I didn't do it, because it uglified the code. Rather, I added a relid
member to VacuumStmt.

> If ANALYZE needs to send something to the stats system, make it do
> so.

It does, as does VACUUM. I still think we should do something special
on TRUNCATE, maybe send a special message.

Note that I keep track of dead tuples directly in the stats for each
table, rather than keeping track of "last vacuum tuples", which was a
strange concept anyway. It came out being much simpler this way. The
only consideration is that it makes the vacuum case different from
analyze, but I don't see that as a problem.
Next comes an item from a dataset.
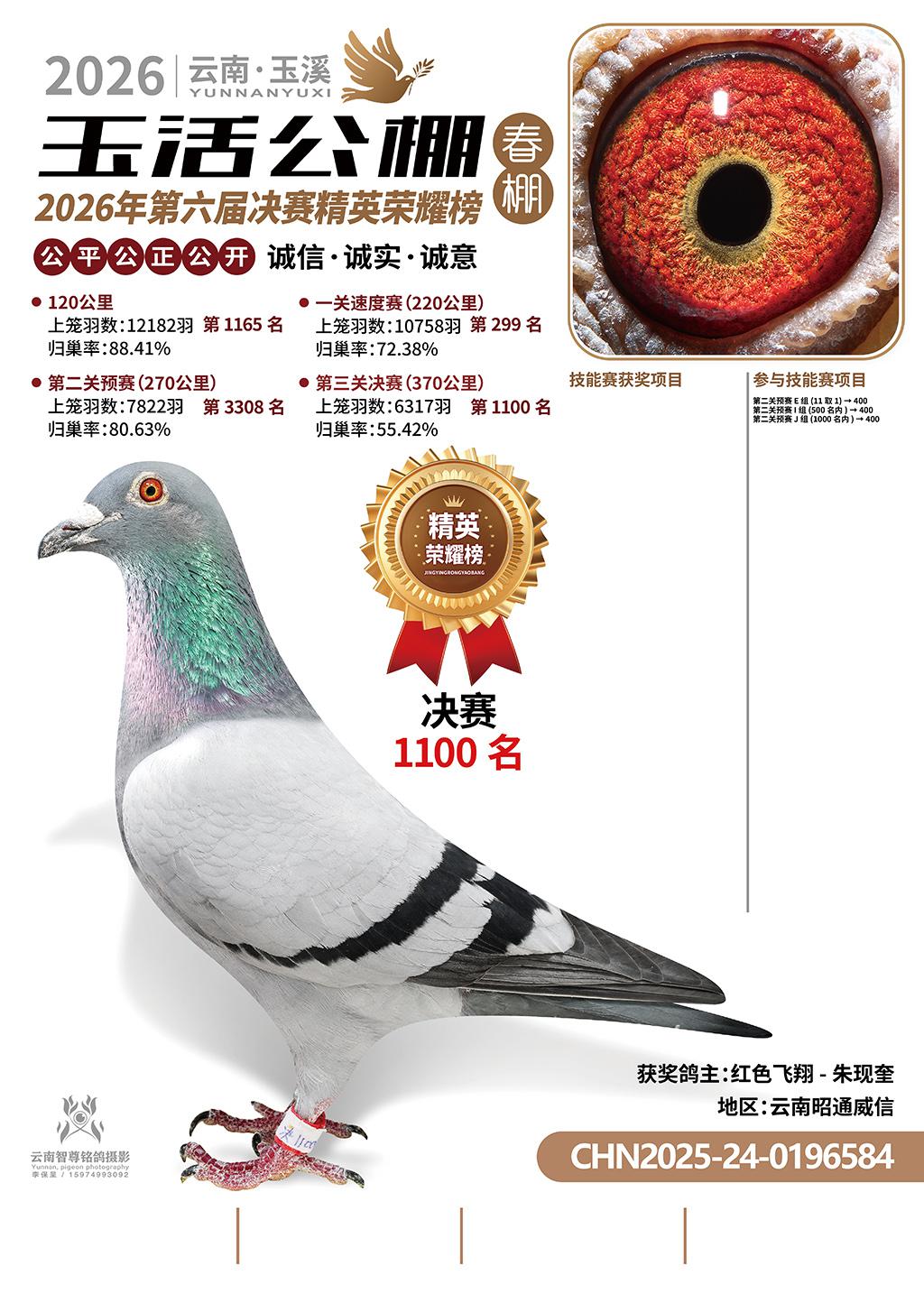 云南玉活公棚春棚2026决赛1100名红色飞翔-朱现奎2025-24-0196584云南昭通威信获奖鸽展示!

Also, there are tables for which analyze refuses to run. I'm not sure
what to do about them. The problem is that since ANALYZE doesn't run to
completion, it doesn't emit the stat message, so we try to analyze it
the next time around. I considered sending special messages to the
stats, telling not to analyze the table in the future (vacuum still
works as expected). However I don't see how would we re-enable the
auto-analyze feature in case something happens to the table. There are
two cases: pg_statistics is one, and the other is tables that don't have
any analyzable columns (There is at least one table of this kind in the
regression test, comprising one "box" column.) This may turn out not to
be a problem, since ANALYZE will return very quickly in this case, but
it annoys me anyway.

Finally: I didn't do anything special about TOAST tables yet. I think
this is a separate problem.

--
Alvaro Herrera (<alvherre[a]alvh.no-ip.org>)
Thou shalt study thy libraries and strive not to reinvent them without
cause, that thy code may be short and readable and thy days pleasant
and productive. (7th Commandment for C Programmers)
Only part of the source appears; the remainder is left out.